Problems with the encoding in the domain file

Good afternoon, I am currently migrating to the RASA 1 version the bots that we have developed in the company where I work, and we wanted to try the Rasa X tool on one of our best bots. However, by giving it the structure that Rasa X needs, it throws me error in the encoding and the culprit is the domain file.

Starting Rasa X in local mode... πŸš€
Traceback (most recent call last):
  File "c:\byte\rasa1\lib\site-packages\rasa\cli\x.py", line 322, in run_locally
    local.main(args, project_path, args.data, token=rasa_x_token)
  File "c:\byte\rasa1\lib\site-packages\rasax\community\local.py", line 190, in main
    project_path, data_path, session, args.port
  File "c:\byte\rasa1\lib\site-packages\rasax\community\local.py", line 127, in _initialize_with_local_data
    COMMUNITY_USERNAME,
  File "c:\byte\rasa1\lib\site-packages\rasax\community\initialise.py", line 140, in inject_domain
    username=username,
  File "c:\byte\rasa1\lib\site-packages\rasax\community\services\domain_service.py", line 127, in validate_and_store_domain_yaml
    self.dump_domain_in_local_mode()
  File "c:\byte\rasa1\lib\site-packages\rasax\community\services\domain_service.py", line 140, in dump_domain_in_local_mode
    self._dump_domain(filename)
  File "c:\byte\rasa1\lib\site-packages\rasax\community\services\domain_service.py", line 148, in _dump_domain
    dump_yaml_to_file(filename, cleaned_domain)
  File "c:\byte\rasa1\lib\site-packages\rasax\community\utils.py", line 354, in dump_yaml_to_file
    f.write(dump_yaml(content))
  File "c:\byte\rasa1\lib\encodings\cp1252.py", line 19, in encode
    return codecs.charmap_encode(input,self.errors,encoding_table)[0]
UnicodeEncodeError: 'charmap' codec can't encode character '\u231b' in position 10322: character maps to <undefined>

Sorry, something went wrong (see error above).
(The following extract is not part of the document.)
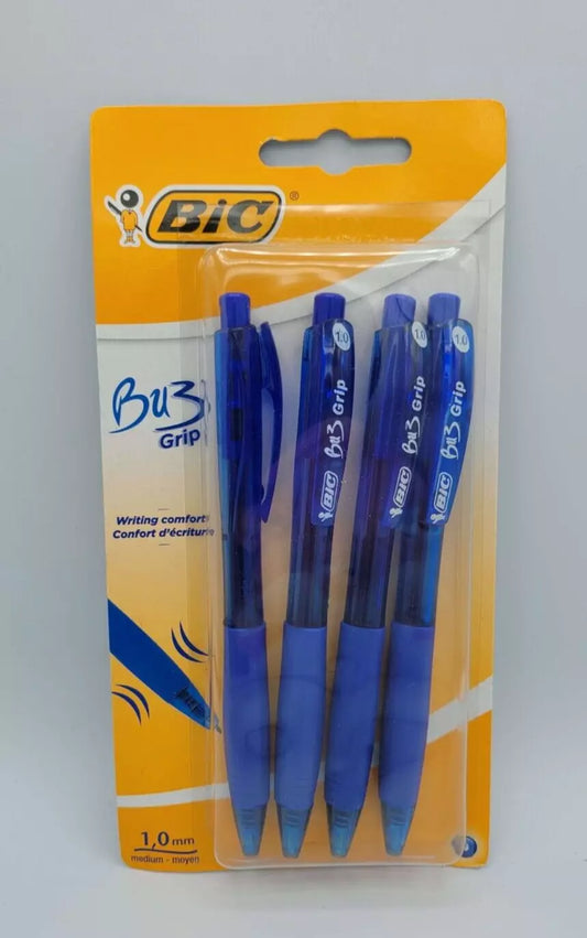 BIC BU3 Grip 1.0 Blue Retractable Ball Pen 4 Pack Stationery

Make sure to start Rasa X with valid data and valid domain and config files. Please, also check any warnings that popped up.
If you need help fixing the issue visit our forum: https://forum.rasa.com/.
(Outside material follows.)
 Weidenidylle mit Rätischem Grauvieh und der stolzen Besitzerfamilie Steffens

The reason that this error is shown is because my domain has emojis and accent marks

Is there any way to configure that encoding? I would not like to remove emojis and accents to make it work (because I tried it without emojis and accents and if it worked)

Hey @idusertbs, what exactly does your domain file look like? In general emojis are supported in domain.yml, e.g. in the templates section:

image

leading to

In the version from rasa x 0.19.2. If you put the flag use_entities: false, with your intent then rasa-x won’t work

example: - enter_data: {use_entities: false}

Hi, this is a part of my domain file:

Thanks @idusertbs. This looks like it’s a Windows-related issue. Which OS and python version are you running?

@idusertbs @ricwo

I’ve had the same problem a couple of times with my stories and domain files. This was because I used Notepad++ on windows, while I trained the model on a Linux PC. What happened was that Notepad++ encodes the file in a Windows codec, with windows line breaks. I had to change both to UTF-8 codec and Unix (LF) respectively.

So my tip is to check your domain file, what codec it is written in and what line breaks you are using.